Behind the woman, a panel in the floor slid back. A mobile cable rose soundlessly, carrying a small round device, black with blinking red lights. Talyn judged the distance to micrometer precision. Humans and Sebaceans were quite similarly configured. The cable drove forward and slammed into position at the back of the Human's neck. Yellow hair flared outward as she was driven to her knees. Strands of it caught beneath the device. She screamed. Her body spasmed. Talyn watched, and hated her for not being Crais, for not being Aeryn Syn. He waited for her mind to touch his.
*
It was like lightning flashing through her body, her nerve endings seared and her eyes blinded by white. Jenna flailed at the deck, saw stars and saw the blood-red corridors she'd walked through, saw rooms and machines and people she'd never known. She saw her mother dying, and a man dying on a bed with a dark-haired woman at his side. She felt coldness in her limbs, felt space against her skin, and information poured into her mind, more and more, aliens and alien tongues, Humans who weren't, a dark-haired man with a beard who was herself, as she was the Liberator and was... Talyn!

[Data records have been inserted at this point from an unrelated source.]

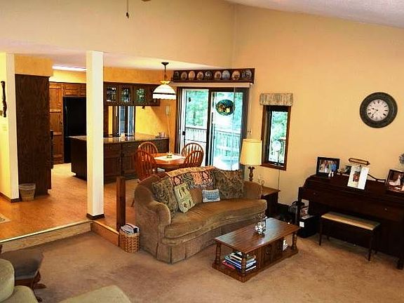 This solitary residence located w/in minutes of Minocqua's amenities on 3.87 beautifully landscaped, wooded acres of privacy w/a pond & abuts the Bearskin Trail for hiking, biking & snowmobiling. The home's exterior has European charm w/cedar siding, stonework & decorative enhanced trim & has been well maintained. 3 car att garage w/well planned entry to Mud/Laundry Rm w/BA. It is quality built w/5BR & 4BA, spacious open concept w/well appointed kitchen(granite tops), breakfast nook w/patio doors to sundeck, sunken living room w/lg Bay window & views of gorgeous yard, pond & wildlife. There is a formal DR, front entry, Master BR, 2 more BRs & full BA on main. Upper level has 2 BRs w/walk in closets & full BA. The lower level has a walk out that hosts a family room, BA, workshop/storage, wood room, & root cellar. A storage shelter & shed are additional bonuses on the attractive grounds. Priced to sell so don't miss this fabulous opportunity to make this your family home.
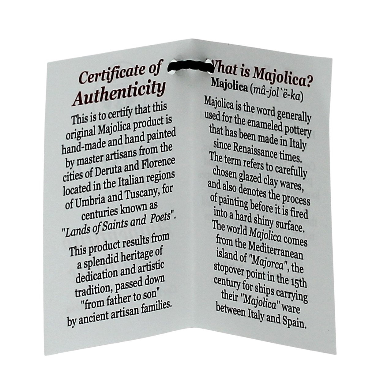 Painstakingly hand painted in refined vibrant colors that will highlight your Holiday decorations, adding nostalgic warmth and sparkle to the holiday tree. Authentic Deruta products, exclusively manufactured for Artistica's USA market. Each piece is shipped elegantly boxed, and therefore making an exquisite gift item!
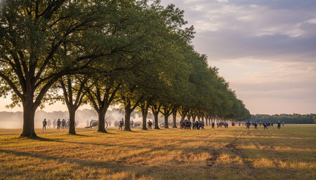 Soft hues of pink and orange illuminate the sky as trees stand tall in a tranquil forest during sunset.
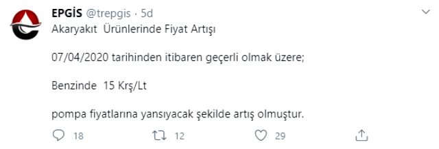 "7 Nisan tarihinden itibaren geçerli olmak üzere; benzinde15 Krş/Lt pompa fiyatlarına yansıyacak şekilde artış olmuştur."
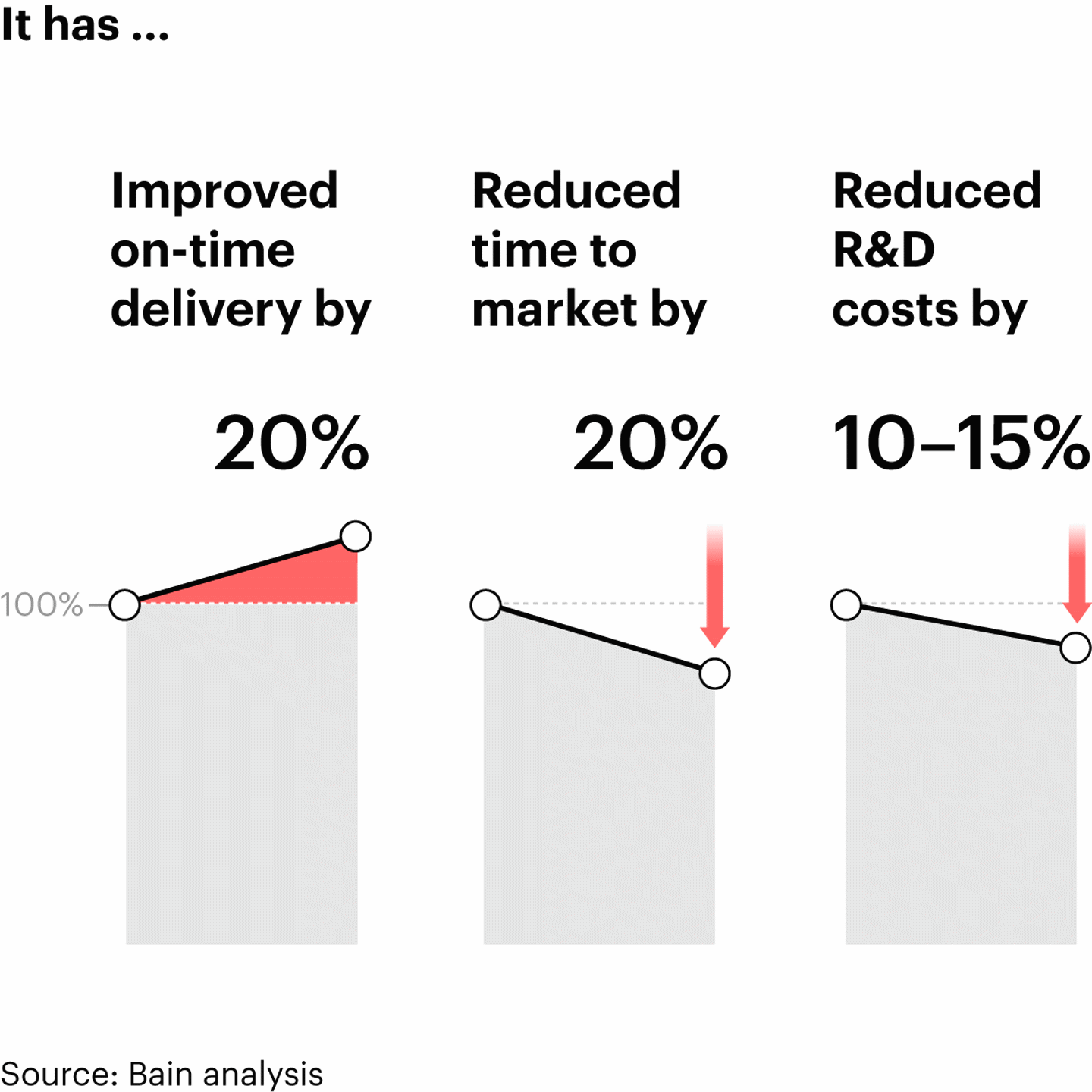 It’s not easy to implement, but the benefits of closed-loop PLM are significant. Leading companies using closed-loop PLM have improved their on-time delivery by more than 20% and reduced time to market by more than 20%, according to Bain research. They have also been able to reduce R&D costs by 10% to 15% (see Figure 1).
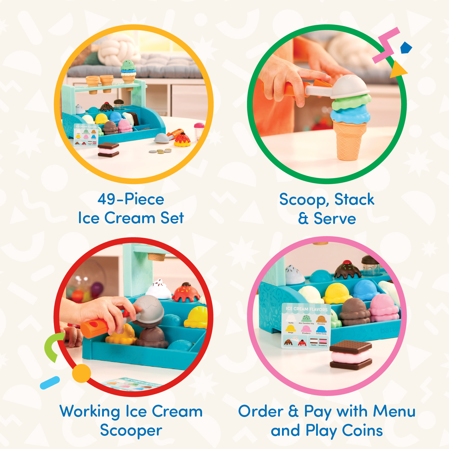 Scoop & Stack: Server iskold is, der aldrig smelter, med et is-sæt til børn med over 40 dele!

Jenna bolted upright from the deck and fell back again. She rolled onto her back and panted. Her eyes felt as if they'd been glued open, her arms and legs twitched without direction. "Tal--" She moistened her dry mouth, tried again. "Talyn?"
It spoke inside her head.
This ship was nothing like the Liberator. Its voice was not like Zen's. And it was inside her head. Jenna finally dragged a hand up, scrabbled at the back of her neck, felt warm liquid flowing under her fingertips. Blood, she thought, dizzy with sights and sounds and sensations rushing through her mind - and pain bright and sharp in her/its/their flesh. "What've you done?"
She spoke in Federation Standard, and he - this ship was a he, it was alive in a way Liberator had never been - he spoke in tones, pulses of light. She felt what he needed, saw what he had done to her. Her fingers clenched tight on the device, its many prongs buried in her flesh, clamping it tight to her neck - and a central spike drilling down to the nerve cells. A cold sweat broke out on her skin. So close, too close, he could paralyze her in an instant. Cold satisfaction slipped into her mind.
"Why do you hate me?"
Because of the other one, the man like her, the Human.
Jenna looked at her bloodied hand, at the strands of hair clinging to a finger. She dragged herself to her knees and began to pull herself upright, using one of the red-tinted metal seams for support. She sagged against it and stared up at the light display in the ceiling, the red-black-white circles on the deck.
She swallowed hard, breathed deep and smelled the corpse (Crais-mentor-Captain). She was alive. She'd taken her risky chance, and she was still alive. Not like it had been aboard Liberator, when the merge of ship and Human had made her feel known, innocent in a way she hadn't been since girlhood. No, this was very different, and very, very dangerous.
Raising her chin, Jenna wiped her stained fingers on her trousers, then slapped her palms together. She felt the linkage in her mind, two-way and something she, too, could learn to use. The ship - Talyn - had tried to overwhelm her. And he still could, no doubt. But he needed her aid, as she had needed his. Jenna Stannis was no one's slave, whether they be Human, alien...or a living starship.
Talyn was a ship, and Jenna was a pilot.
She narrowed her eyes and spoke. "You need my help. I need information. Let's work together and see what we can do."